LANSING — While social workers and police officers responding together to calls has become popular in the past few years, the practice has been going on since the 1920s, said Barry Goetz, a sociology professor at Western Michigan University.
“I think it’s a good idea that there’s an attempt to kind of formalize it once again,” Goetz said.
Across the state, law enforcement departments take varying approaches to integrating social workers into policing, but Goetz and other experts express concerns that it’s being done too hastily.
Social workers often respond along with police officers on calls like mental health crises or domestic situations.
Some police departments, like Lansing’s, hire social workers themselves, while others contract for services through a company.
Goetz said embedding social workers in a department can raise questions about their independence.
“It does concern me that unless there’s a critical mass, social workers may tend to defer to the interests of law enforcement,” Goetz said.
The other approach is contracting for social workers.
The Grand Rapids Police Department has been doing that for over a year as part of a program called Crisis Intervention Team (CIT), in which the officers who respond with the social workers have received 40 hours of training on de-escalation and issues like mental health and autism.
The CIT program is intended to help officers on calls involving mental health crises, which make up at least 20% of police calls, according to the American Psychological Association.
Goetz said CIT programs are the better option because the training that officers receive can help them when social workers aren’t available.
Sgt. John Wittkowski is a CIT-trained officer in Grand Rapids.
He said when the program began, there was a consensus among West Michigan law enforcement officials and politicians about the need for more mental health resources for residents. Social workers responding with officers was seen as the best option for those who need immediate attention.
The program serves all of Kent County, including Grand Rapids. In March, Grand Rapids started contracting social workers to solely serve the Grand Rapids department.
Wittkowski said officers who respond with these social workers are CIT-trained.
While no data is available yet because it’s a pilot program, Wittkowski said the program has been beneficial.
LaDonna Norman, who founded Together We Are Safe, a community advocacy organization in Grand Rapids that encourages residents to find alternatives to calling the police, said social workers might provide the same services as other groups.
“We don’t need a bunch of people duplicating resources,” she said.
She said if more funding went into prevention measures like housing, mental health care and employment programs, then there would be less need for social workers to respond with police.
“It’s a lack of support and a lack of resources that creates some of the mental illness,” she said.
Social workers have three concerns about these programs –– rollout speed, burnout and if it’s even an effective solution, according to Duane Breijak, executive director of the Michigan chapter of the National Association of Social Workers.
He said the national organization endorses models like the CIT program –– where social workers are part of a team that responds to 911 calls involving mental health crises and other non-crime calls.

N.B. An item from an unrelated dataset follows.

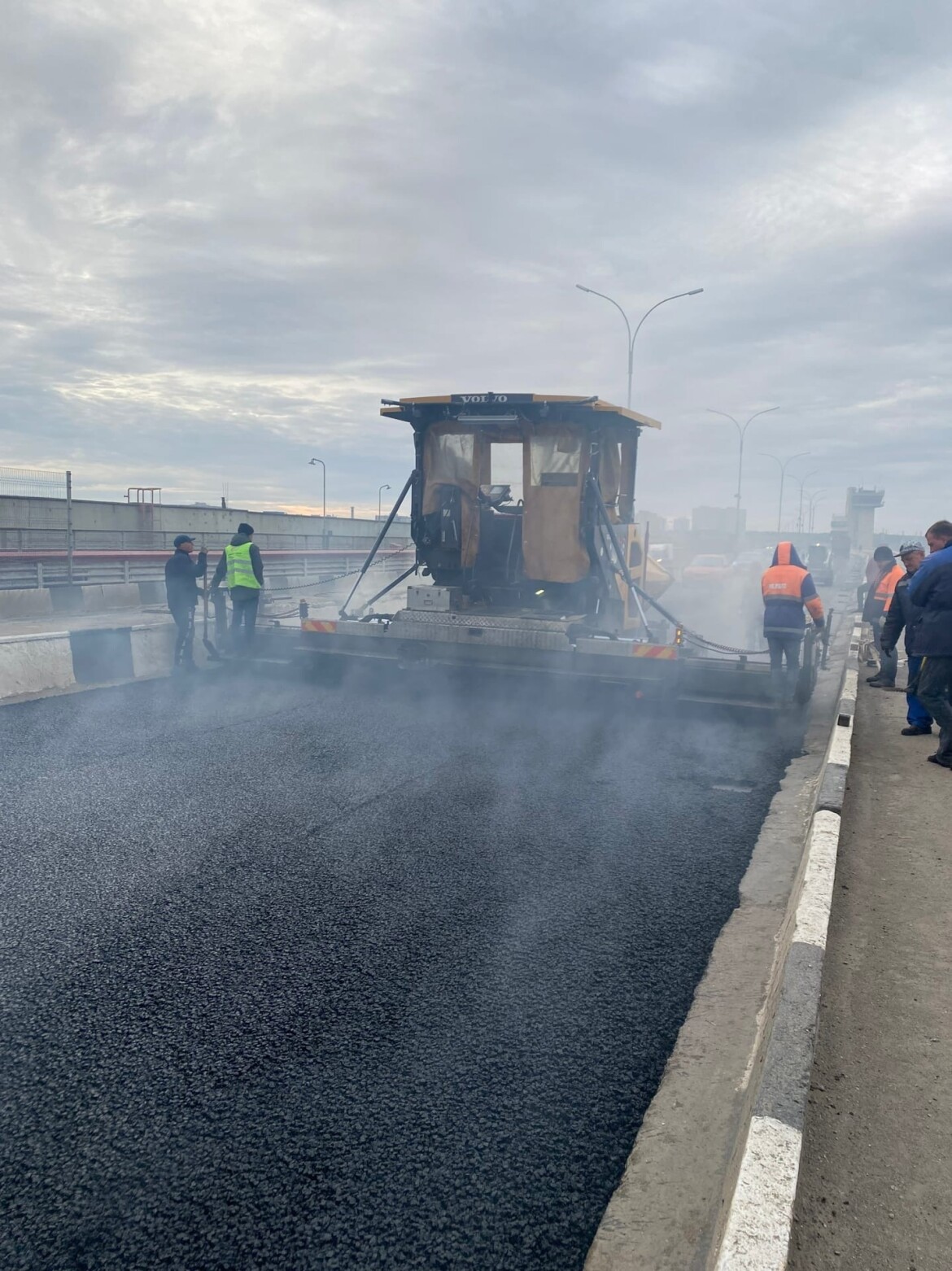 На мосту через Каму в Набережных Челнах приступили к укладке асфальта. По словам руководителя исполнительного комитета Автограда Фарида Салахова, дорожники работают всю ночь.

But he said his concern is that such programs are implemented too quickly and without consultation with social work organizations.
That can create problems, even down to the smallest details like police department job descriptions, Breijak said.

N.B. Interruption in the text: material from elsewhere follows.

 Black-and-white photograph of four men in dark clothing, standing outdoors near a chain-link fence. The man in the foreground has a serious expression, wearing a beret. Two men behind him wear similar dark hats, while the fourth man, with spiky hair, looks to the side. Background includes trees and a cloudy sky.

“Many of the police organizations that are bringing in social workers do not know how or where to utilize social workers appropriately,” he said. “Then these people are burning out quickly in those positions.”

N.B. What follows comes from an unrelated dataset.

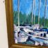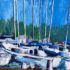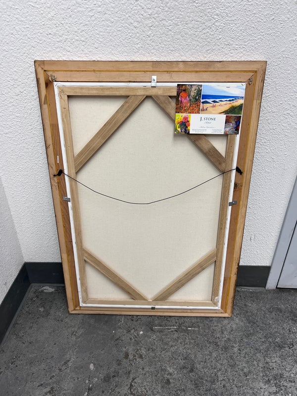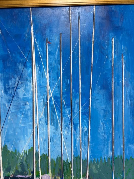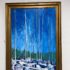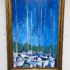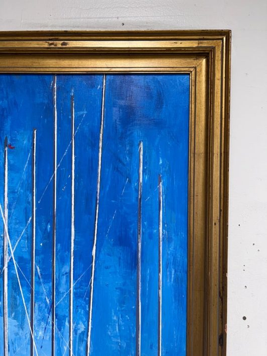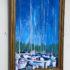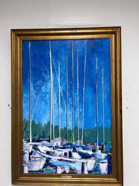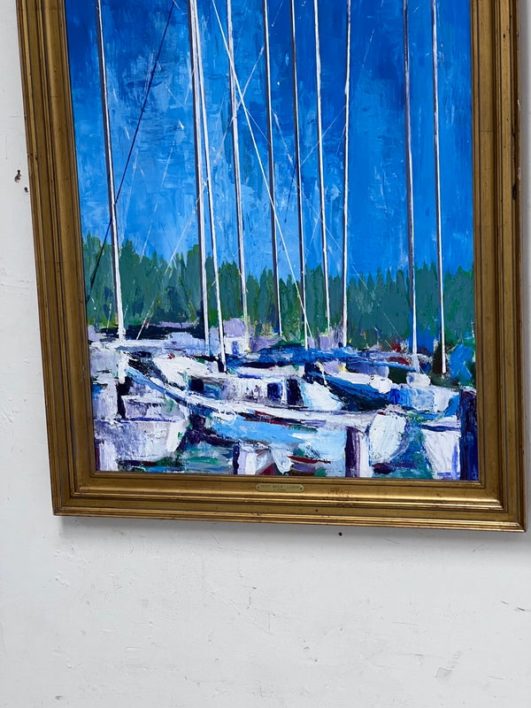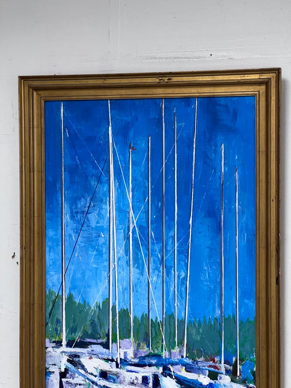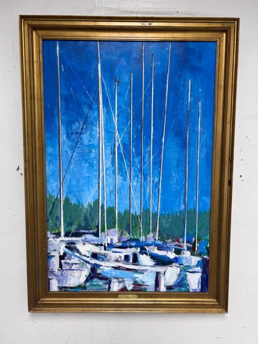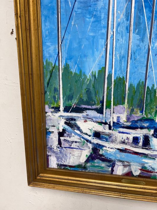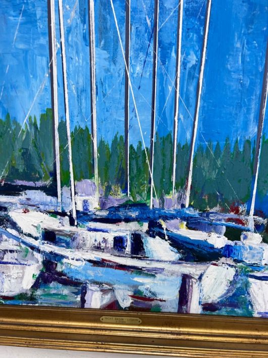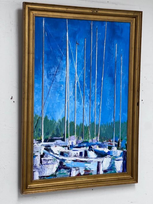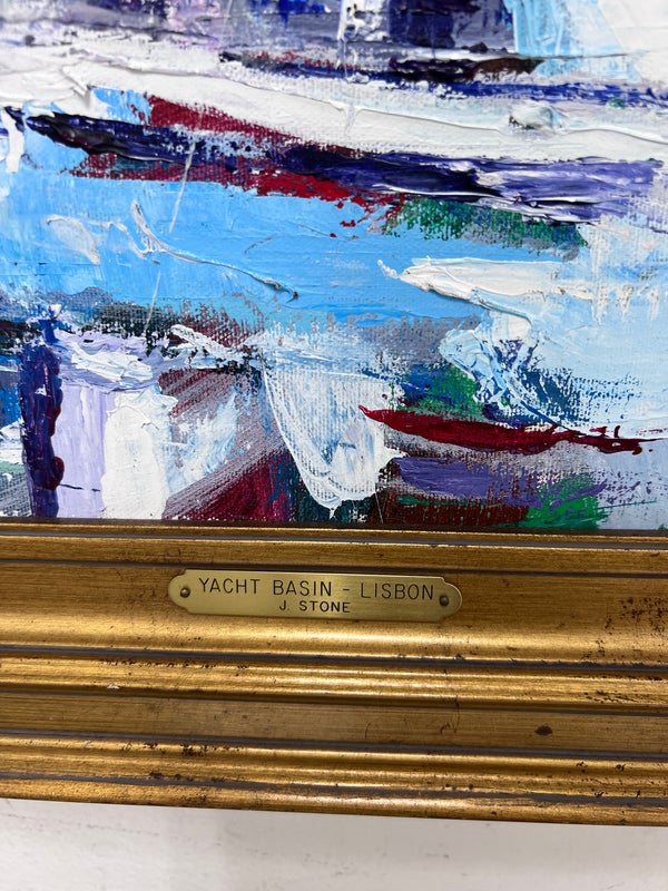 Design Plus Gallery presents the Yacht Basin-Lisbon by J.Stone. Appears to be an Original Painting from the mid-20th century. Vivid background of bright to deep blues, greenery below and then a mass of sailboats near the dock. In good condition, visible signs of wear to the frame from usage + age.

Social workers already have a high turnover rate, according to Casey Family Programs, a foundation focused on foster care and child welfare. The national average turnover rate is approximately 30% annually, with some agencies as high as 65%.
The Lansing Police Department’s first –– and only –– social worker resigned in January, saying the job negatively impacted her health. The department said it planned to hire a replacement and also recently hired a social work supervisor.
Peter Hochstedler, a social worker in Lansing and a member of the organization Michigan Abolition and Prisoner Solidarity, said that while a social worker may help in an individual situation, in most instances social workers function as “copaganda” — meaning cop propaganda.
That would be “trying to change the public’s perception of police without any substantive change to the status quo,” he said.
In 2021, Gallup reported that 51% of Americans surveyed say they trust the police, an increase from the 2020 low of 48%.
Goetz said that to make substantive changes in policing, the public needs to realize that most of what the police do is not crime control.
According to a 2021 study by the Academy of Criminal Justice Sciences, an average of only 6.4% of calls to police from nine U.S. cities were violence related.
“The police themselves have to accept that part, and much more of their training and attention has to go toward those kinds of non-crimes cops are often expected to deal with,” he said.
Breijak said the national association endorses models like the CIT program where social workers are part of a team of responders.
“We as a chapter believe that social workers should maintain a clear and separate separation from law enforcement by being embedded as direct employees and law enforcement agencies,” he said.
But, he also said in some instances, police are not needed at all because crisis hotlines and resources already exist. He said part of the solution is raising awareness that these resources already exist and that police are not always the answer.
“Police are not trained mental health professionals and should not be treated as such, and I don’t think they want to be treated as such,” he said.
Breijak said that in many instances, a police officer showing up may make things worse.
“I think with a lot of communities, especially communities of color, when a police officer shows up, escalation may just automatically happen,” he said.